In mathematics, a multiple is the product of any quantity and an integer. In other words, for the quantities $a$ and $b$, it can be said that $b$ is a multiple of $a$ if $b=n\cdot a$ for some integer n, which is called the multiplier. If $a$ is not zero, this is equivalent to saying that $b/a$ is an integer.

When a and b are both integers, and b is a multiple of a, then a is called a divisor of b. One says also that a divides b. If a and b are not integers, mathematicians prefer generally to use integer multiple instead of multiple, for clarification. In fact, multiple is used for other kinds of product; for example, a polynomial p is a multiple of another polynomial q if there exists third polynomial r such that p = qr.

==Examples==
14, 49, −21 and 0 are multiples of 7, whereas 3 and −6 are not.

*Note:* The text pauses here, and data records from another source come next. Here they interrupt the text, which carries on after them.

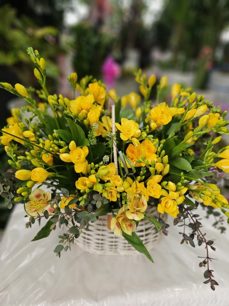후리지아 꽃바구니 주문이 있었습니다 봄 하면 후리지아꽃 다들 아시죠 ?! 노란 색에 반하고 꽃내음에 두번...
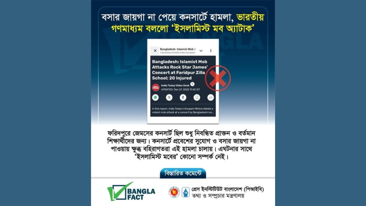 ফরিদপুরে জেমসের কনসার্টে প্রবেশের সুযোগ ও বসার জায়গা না পেয়ে ক্ষুব্ধ বহিরাগতদের কনসার্টে হামলার ঘটনাকে ভারতীয় গণমাধ্যম বললো ‘ইসলামিস্ট মব অ্যাটাক’। এটি নিয়ে ভুয়া ও অপতথ্য ছড়িয়ে বিভ্রান্তি সৃষ্টির অপচেষ্টা শনাক্ত করেছে প্রেস ইনস্টিটিউট বাংলাদেশের (পিআইবি) ফ্যাক্ট চেক ও মিডিয়া রিসার্চ টিম বাংলাফ্যাক্ট।
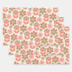 Retro Hippie Boho 70s Flower Pattern Pink Green Wrapping Paper Sheets
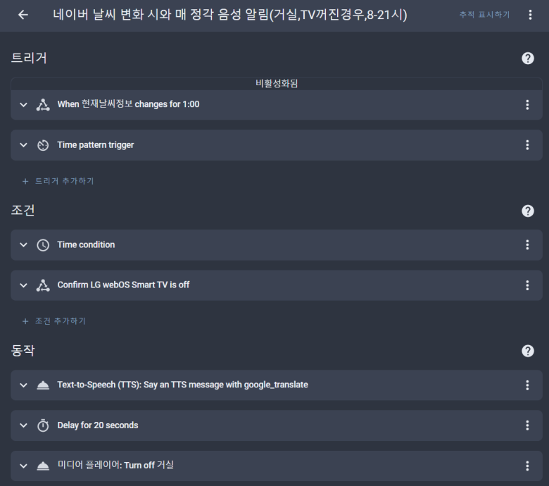 자동화한 내용은 다음과 같습니다. "When 현재날씨정보 changes for 1:00"은 위에 링크한 네이버 블로그 글을 보고 넣었던 내용인데, 날씨 정보가 변하면 말하도록 하는 것이고 저는 매시 정각에 말하도록 하므로 필요하지 않아서 비활성화하였습니다.
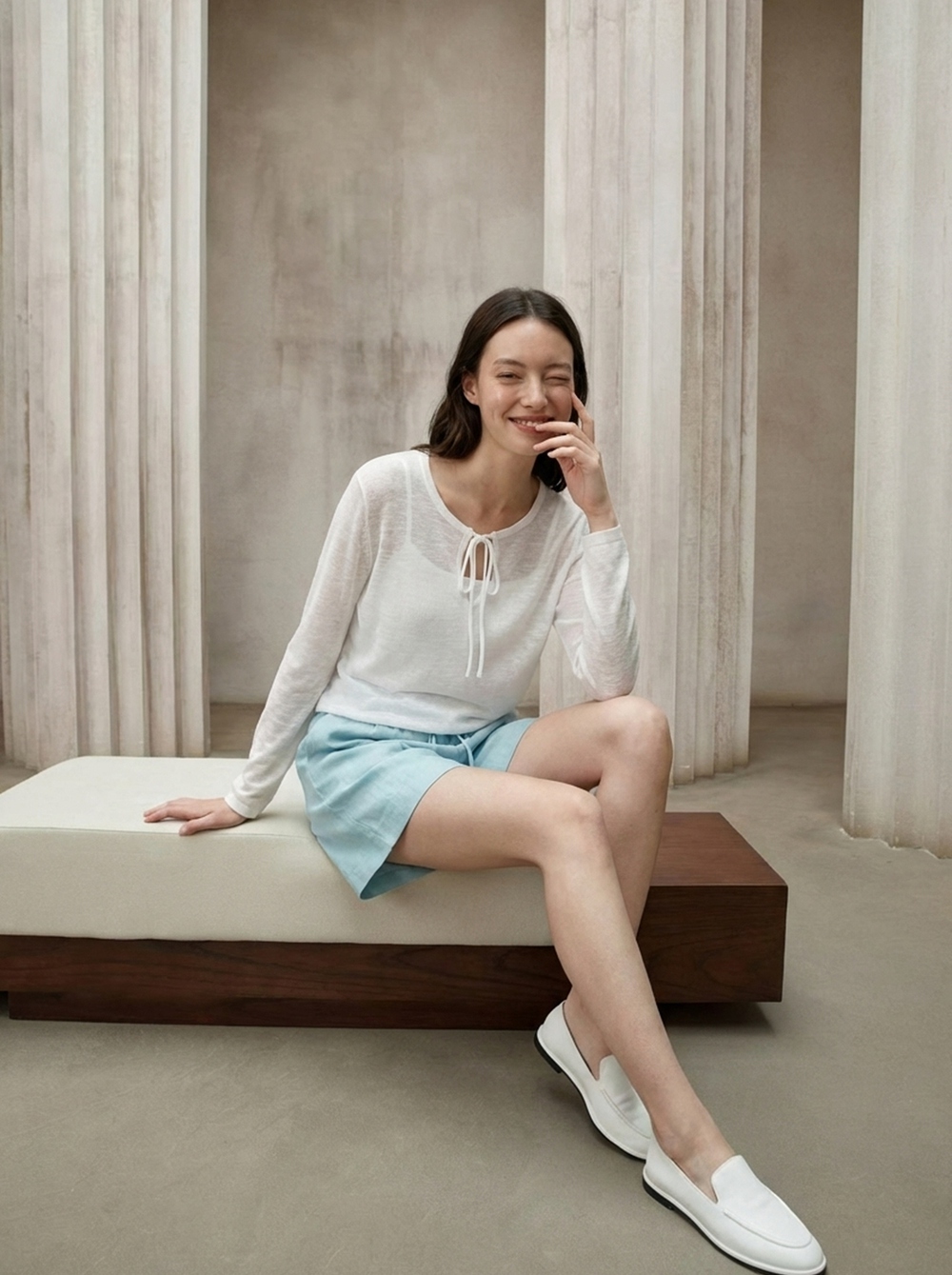 絲麻半透渡假長T 4色 (現貨)

This is because there are integers that 7 may be multiplied by to reach the values of 14, 49, 0 and −21, while there are no such integers for 3 and −6. Each of the products listed below, and in particular, the products for 3 and −6, is the only way that the relevant number can be written as a product of 7 and another real number:
- $14 = 7 \times 2;$
- $49 = 7 \times 7;$
- $-21 = 7 \times (-3);$
- $0 = 7 \times 0;$
- $3 = 7 \times (3/7), \quad 3/7$ is not an integer;
- $-6 = 7 \times (-6/7), \quad -6/7$ is not an integer.

==Properties==
- 0 is a multiple of every number ($0=0\cdot a$).
- The product of any integer $n$ and any integer is a multiple of $n$. In particular, $n$, which is equal to $n \times 1$, is a multiple of $n$ (every integer is a multiple of itself), since 1 is an integer.
- If $a$ and $b$ are multiples of $x,$ then $a + b$ and $a - b$ are also multiples of $x$.

==Submultiple==
In some texts, "a is a submultiple of b" has the meaning of "a being a unit fraction of b" (a=b/n) or, equivalently, "b being an integer multiple n of a" (b=n a). This terminology is also used with units of measurement (for example by the BIPM and NIST), where a unit submultiple is obtained by prefixing the main unit, defined as the quotient of the main unit by an integer, mostly a power of 10^{3}. For example, a millimetre is the 1000-fold submultiple of a metre. As another example, one inch may be considered as a 12-fold submultiple of a foot, or a 36-fold submultiple of a yard.

==See also==
- Unit fraction
- Ideal (ring theory)
- Decimal and SI prefix
- Multiplier (linguistics)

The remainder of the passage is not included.